Saturday, October 24, 2009

Turkana evenings

We made it back from a long day of collecting. At 4:30, everyone gathered around the table under the afternoon shade tree for Tea Time - one of Kenya's best holdovers from Colonial Britain. The tea leaves were Ketepa leaves, "Kenya's finest," cooked with water and powdered milk and a liberal spoonful or three of sugar. About three weeks into the season, Benson realized that I preferentially chose the green mug. That became Irene's mug! Stephen, the best cook in Turkana, had made us some exciting snack - some days, mandazi shaped like mandazi, other days, shaped like donuts. The days when we'd get samosas were wildly exciting, as were spring roll days. Sometimes we'd get sweet injera, sometimes we'd get gingersnap biscuits. Sometimes we get corn muffins, sometimes we'd get the equivalent of oreos with mango flavored cream filling. I'd always grab one or two of the snacks, and the Kenyans would ALWAYS try to get me to eat more.

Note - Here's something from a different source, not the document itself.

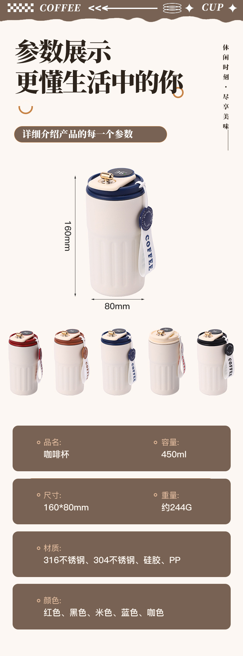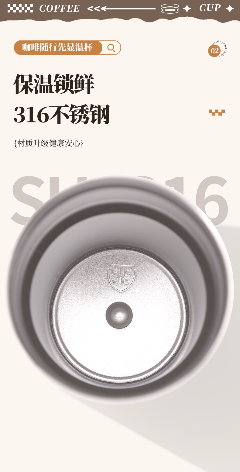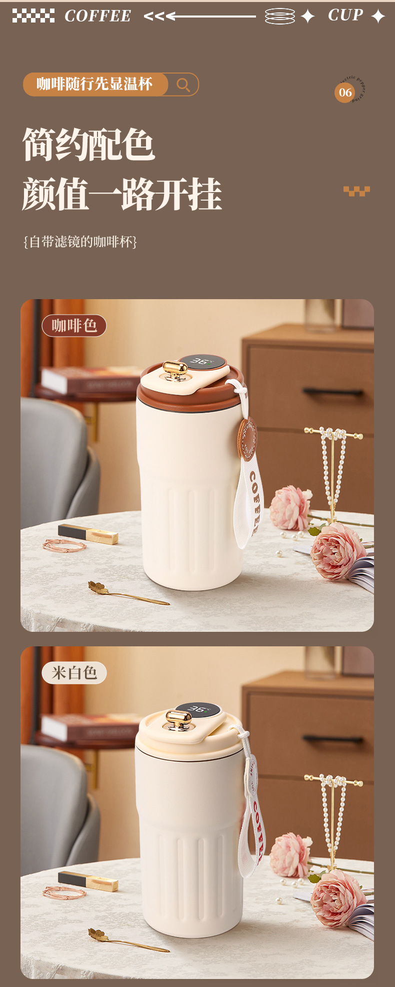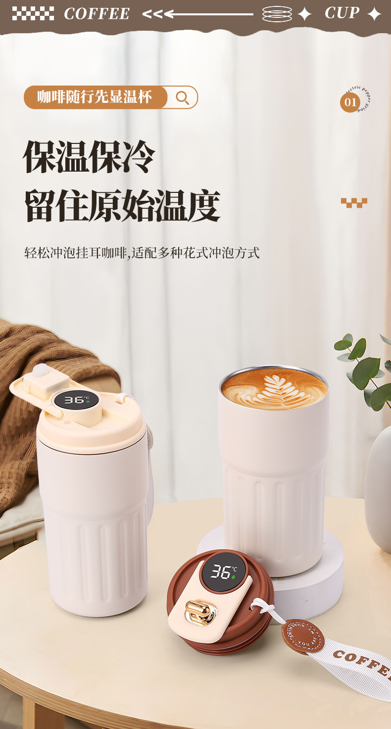 咖啡保温杯女高颜值316不锈钢保温杯车载提绳智能数显咖啡随行杯

Immediately after tea, I'd take care of water and beverages. Siphoning out water from our giant drums was easy when we'd just gone to the well, but by the end of the second day, I had to suck the water out of the hose - with varying degrees of success. Generally, there was someone around to come to my rescue. After dealing with the water, I'd fill the red basin (the laundry one) with some water, and pluck the beverage socks from the acacia tree. I had the drink orders down to pretty much a science. Coke for Matthew, Jonathon, and me. Stephen and Fritz, and usually Tony, would get Krest. Pilsner for Tab and Bonventure, and Tusker for Martin, John Mark, Boniface, and Benson. Those would get stuffed in the wet socks and hung from a netting where they'd cool until dinner.
Erin's most important job by miocyon.

After tea, I generally sat at the table, working on reading Kaburi Bila Msalaba, a Kenyan novel for 13- or 14-year-olds about the Mau Mau war. It's in Swahili, so it was slow going, but the Turkana guys all read it in secondary school and helped me with words or grammar. Some evenings, I'd my advisor cataloging fossils. Other evenings, I read from our mini-library of American books. I brought American Gods, The Amazing Adventures of Cavalier and Clay, and Infinite Jest. Someone brought Angels and Demons - that kept me occupied the day I couldn't swallow water so I had to stay home from collecting. There was also a wildly depressing book on the Iraq War called The Forever War which I read in two days and got sad... and Tony let me read a book he had on the drug trade in Baltimore. Evenings when I didn't feel like reading, I'd write in my journal, or talk to Benson about Kenyan politics.